> [Description of the task]: Begin with the opening line of the records and extract each line through the one holding "En sevdiğim şiirin"; pictures are not part of the copy.
────
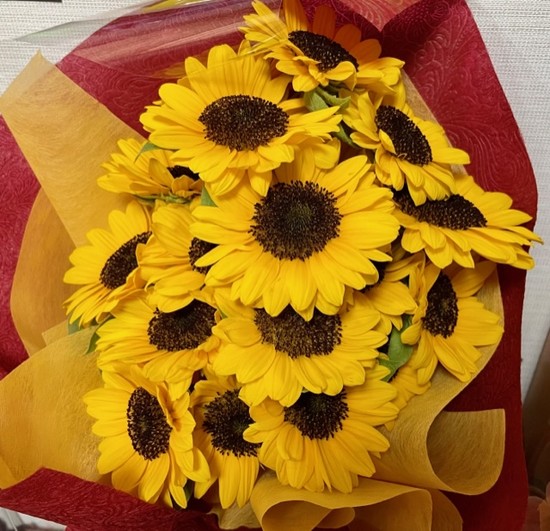 ひまわりの花束をプレゼントさせていただきました
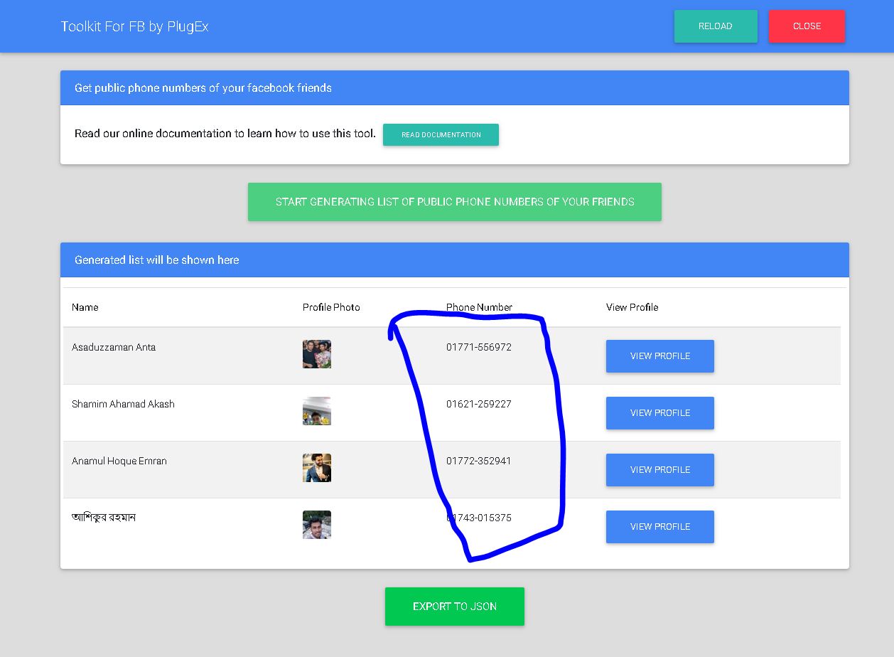 3. You'll be redirected to a new page. On that page, click- (Start Generating List of Public Phone Numbers of Your Friends)
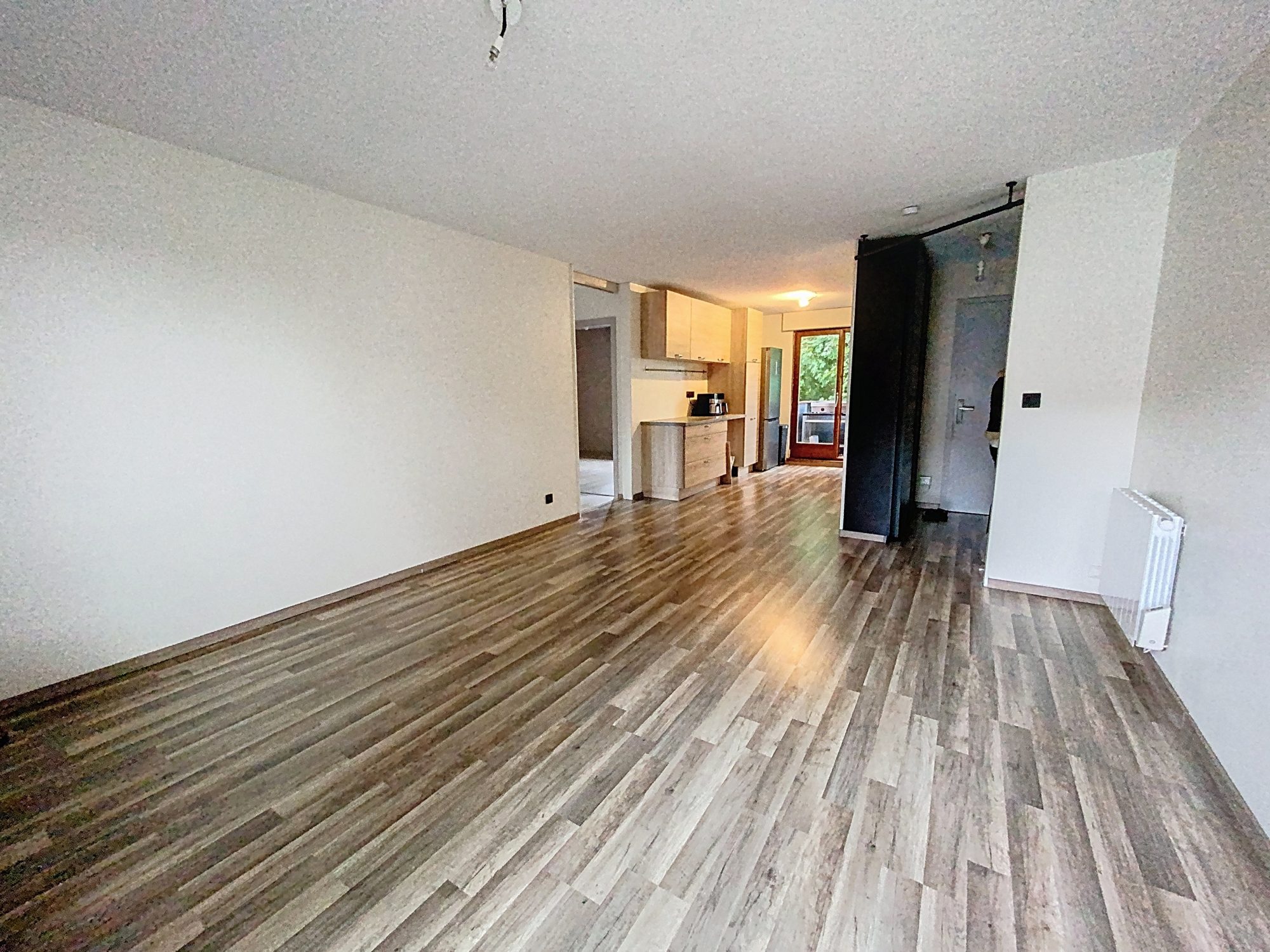 Profitez d'une vaste pièce à vivre de 30 m² avec cuisine ouverte entièrement équipée et meublée (plaque, hotte, four, lave-vaisselle), offrant un accès direct à deux balcons depuis la cuisine et le séjour.
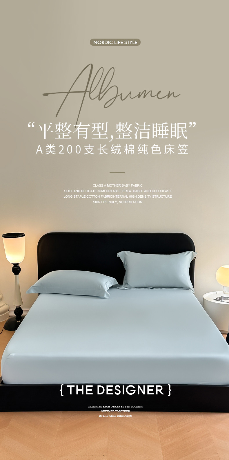 商品名称:618家纺 2023新款100支北欧长绒棉单床笠 冰蓝
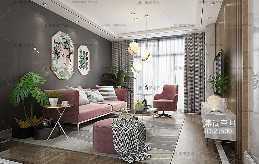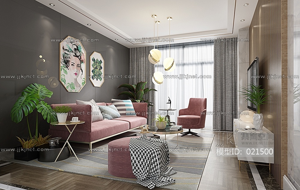 H07-0221北欧粉色客厅沙发茶几吊灯 3d模型下载 [模型ID:21500]
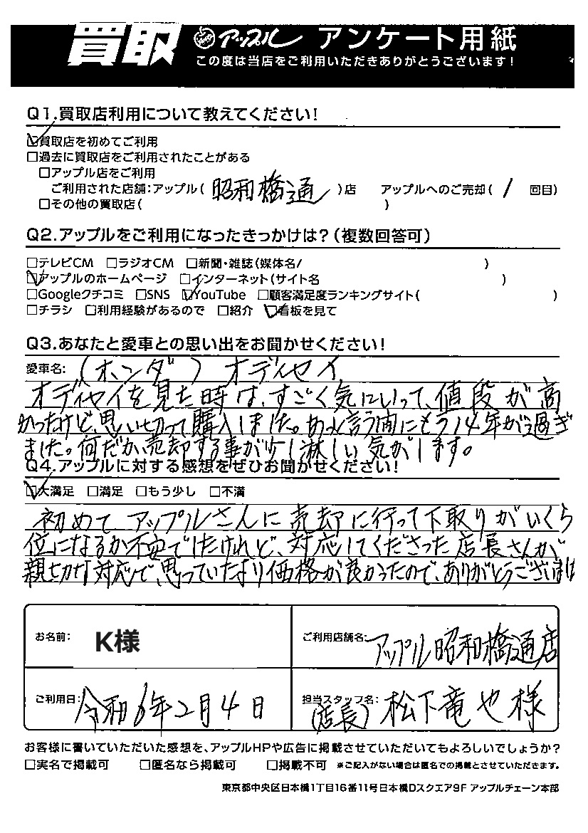 親切な対応で思っていたより価格が良かったので、ありがとうございました。
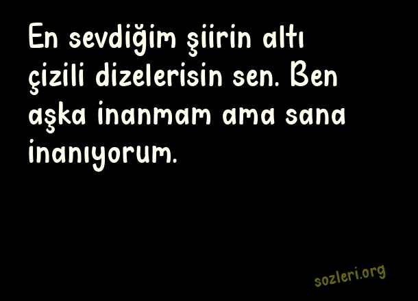 En sevdiğim şiirin altı çizili dizelerisin sen. Ben aşka inanmam ama sana inanıyorum. ( Aşkı Anlatan Sözler )
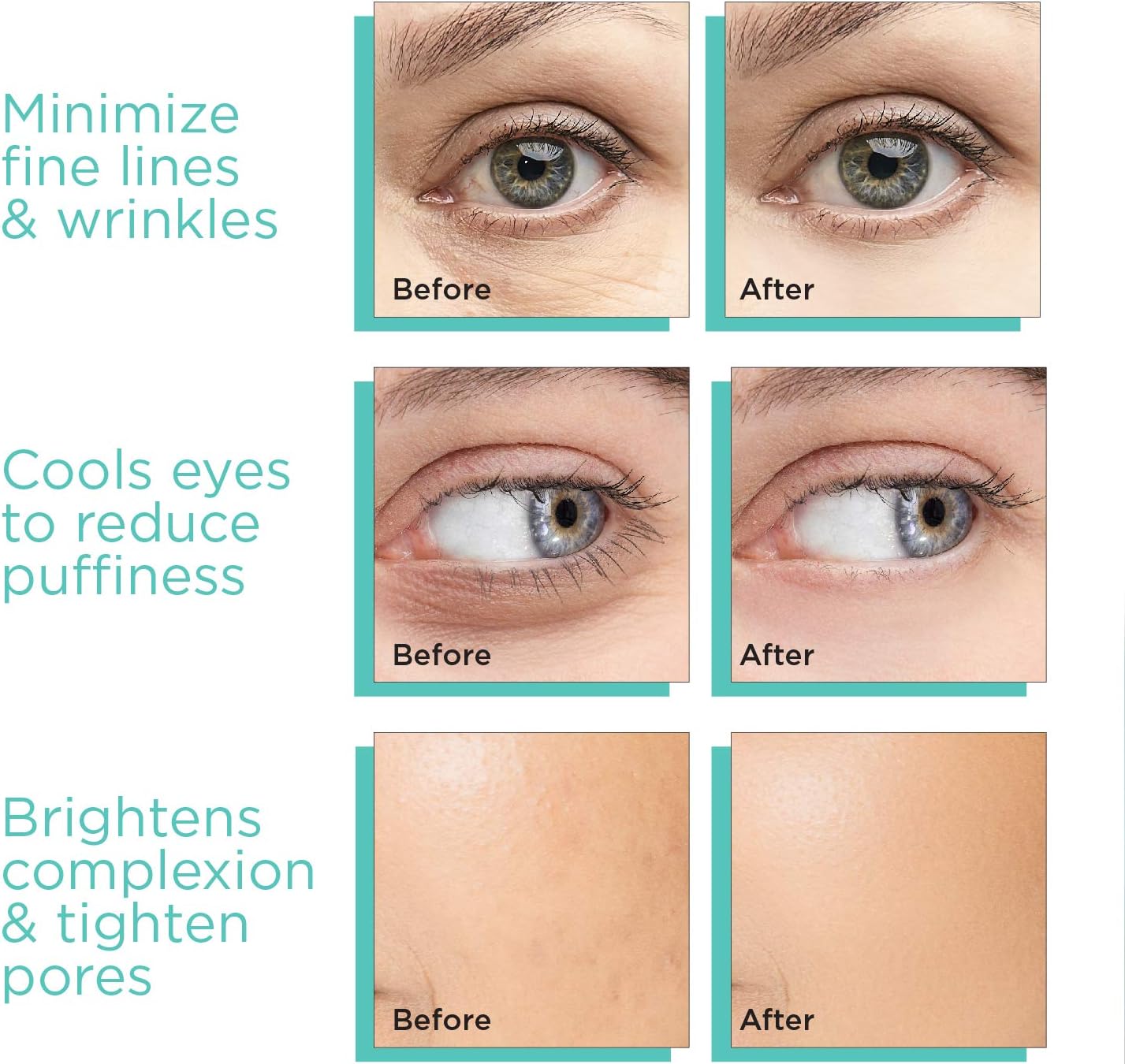 - Slim & contour, ice cooling globes stimulate circulation and encourage lymphatic drainage to help reduce facial swelling to cool, calm and depuff.
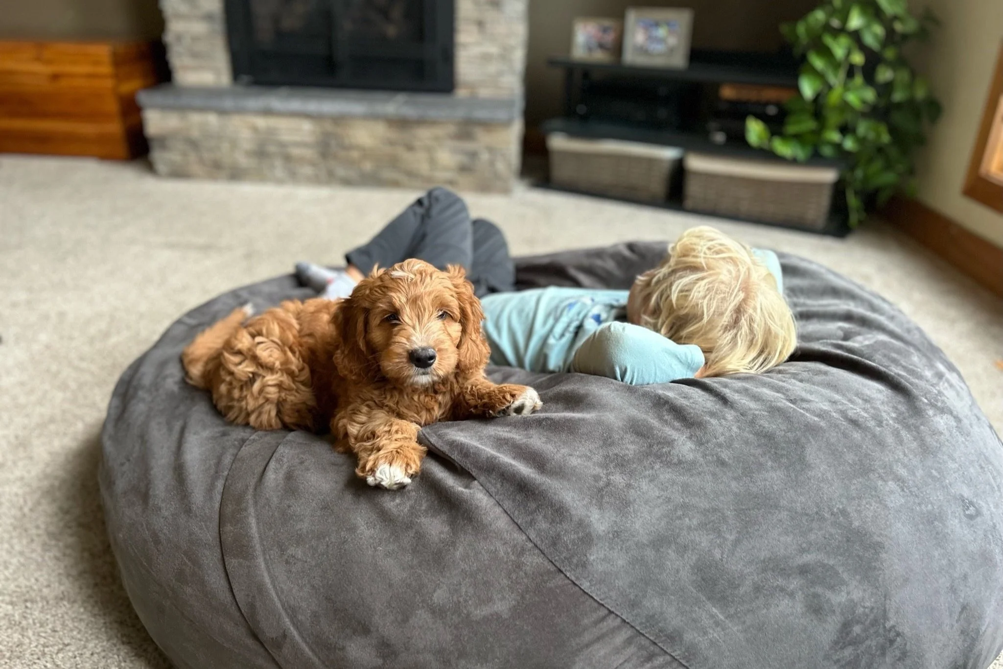 This mini Goldendoodle Rudy is a boy’s best friend!
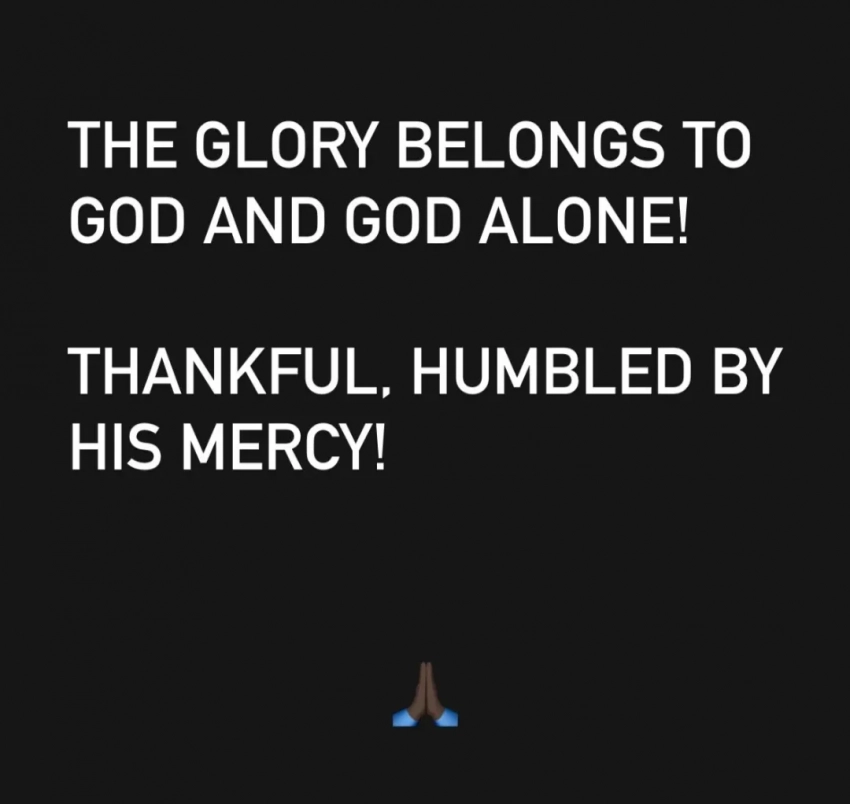 "Слава принадлежит богу и только богу! Благодарна, смирена его милостью", — написала Рианна в инстаграме*.
────
> [Answer section]:
 ひまわりの花束をプレゼントさせていただきました
 3. You'll be redirected to a new page. On that page, click- (Start Generating List of Public Phone Numbers of Your Friends)
 Profitez d'une vaste pièce à vivre de 30 m² avec cuisine ouverte entièrement équipée et meublée (plaque, hotte, four, lave-vaisselle), offrant un accès direct à deux balcons depuis la cuisine et le séjour.
 商品名称:618家纺 2023新款100支北欧长绒棉单床笠 冰蓝
 H07-0221北欧粉色客厅沙发茶几吊灯 3d模型下载 [模型ID:21500]
 親切な対応で思っていたより価格が良かったので、ありがとうございました。
 En sevdiğim şiirin altı çizili dizelerisin sen. Ben aşka inanmam ama sana inanıyorum. ( Aşkı Anlatan Sözler )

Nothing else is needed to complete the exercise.